▶ _Dataset content_:

※

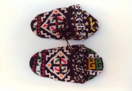 Πατούνες ή κοντοτσούραπα, σαρακατσάνικες μάλλινες πλεκτές με βελόνα με διάφορα γεωμετρικά μοτίβα και σχηματοποιημένο σταυρό. Θράκη.
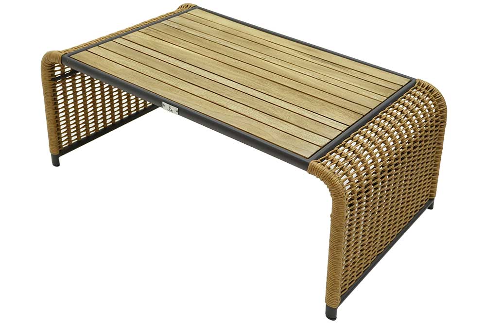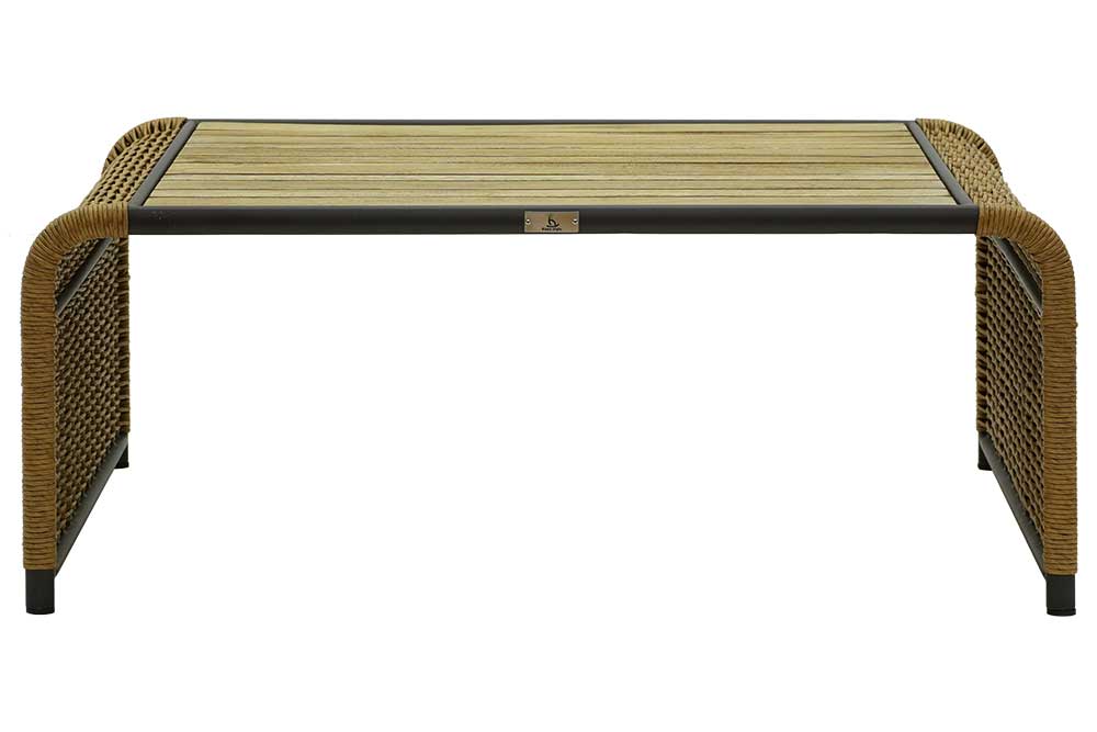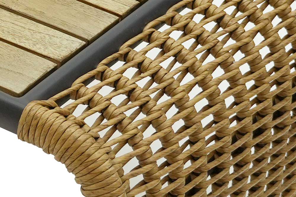 The lightweight, water-resistant aluminum frame has a special polyester rope woven into the sides to resist UV rays. The table top is made of teak wood.
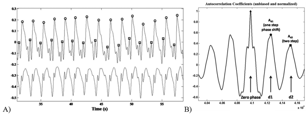 As previously reported by Moe-Nilssenet et al., [32], since the first dominant period represents a phase shift of one step (d1), the autocorrelation coefficient at the first dominant period Ad1 is an expression of the regularity of the acceleration signal between neighbouring steps (Figure 4B). Hence, we performed a regularity/symmetry analysis on the acquired step acceleration pattern, in which for the vertical axis closeness of each of Ad1 and Ad2 to 1.0 reflects step and stride regularity, respectively, while closeness of Ad1/Ad2 to 1.0 reflects symmetry. On the contrary, for the ML axis, Ad1 ∼ −1 and Ad2 ∼ 1 represents the step/stride regularity, whereas Ad1/Ad2 ∼ −1 shows the step symmetry.
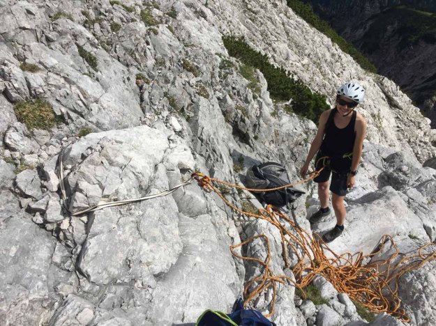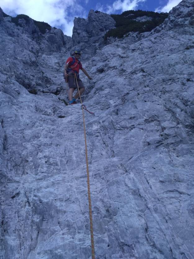 Endlich erreichen wir den neuen Teil des Steiges, die Holzstiege, die über die Felswand führt. Der Stieg wurde vor ein paar Jahren erst wieder reaktiviert, nachdem die alte Steiganlage zu gefährlich worden war.
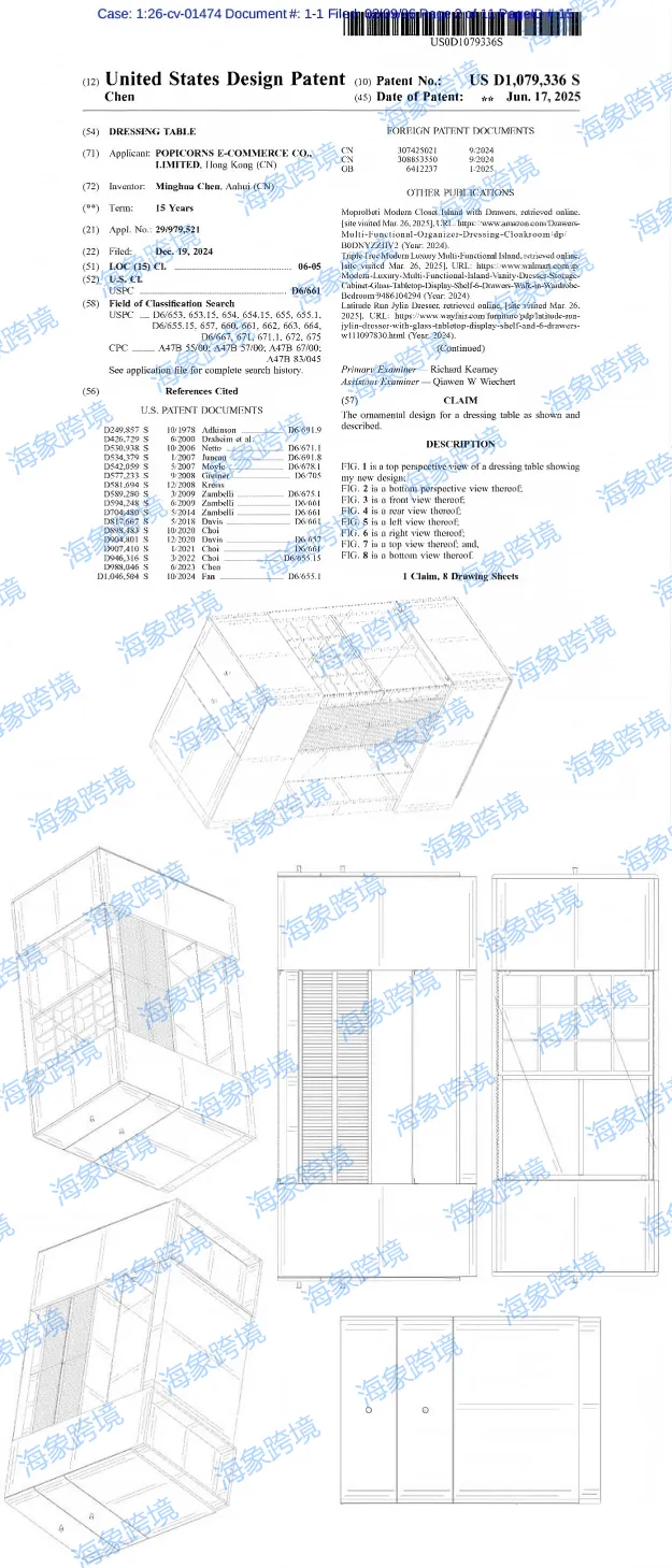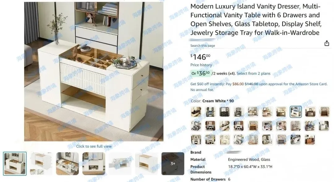 本案为国人原告,一直从事各种家具和家居装饰产品的设计和销售。案件涉及专利产品是一款多功能梳妆台,拥有多个抽屉和分格收纳空间,专利细节如下速查避雷!
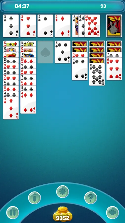 Card can be moved by dragging and dropping a single card or a group of cards. Card can be dragged from the waste pile, foundation pile and tableau columns. Card can be dropped on the tableau columns and the foundation piles. Tapping a card will move it to the foundation pile of it is a legal move. A single tap on the stock pile will turn over 1 card and display 3 cards.

※

▶ _Work request_: Leave out every picture and copy, exactly as written, the lines from the one with "本案为国人原告,一直从事各种" through the end of the records above.

▶ _Problem solution_:
 本案为国人原告,一直从事各种家具和家居装饰产品的设计和销售。案件涉及专利产品是一款多功能梳妆台,拥有多个抽屉和分格收纳空间,专利细节如下速查避雷!
 Card can be moved by dragging and dropping a single card or a group of cards. Card can be dragged from the waste pile, foundation pile and tableau columns. Card can be dropped on the tableau columns and the foundation piles. Tapping a card will move it to the foundation pile of it is a legal move. A single tap on the stock pile will turn over 1 card and display 3 cards.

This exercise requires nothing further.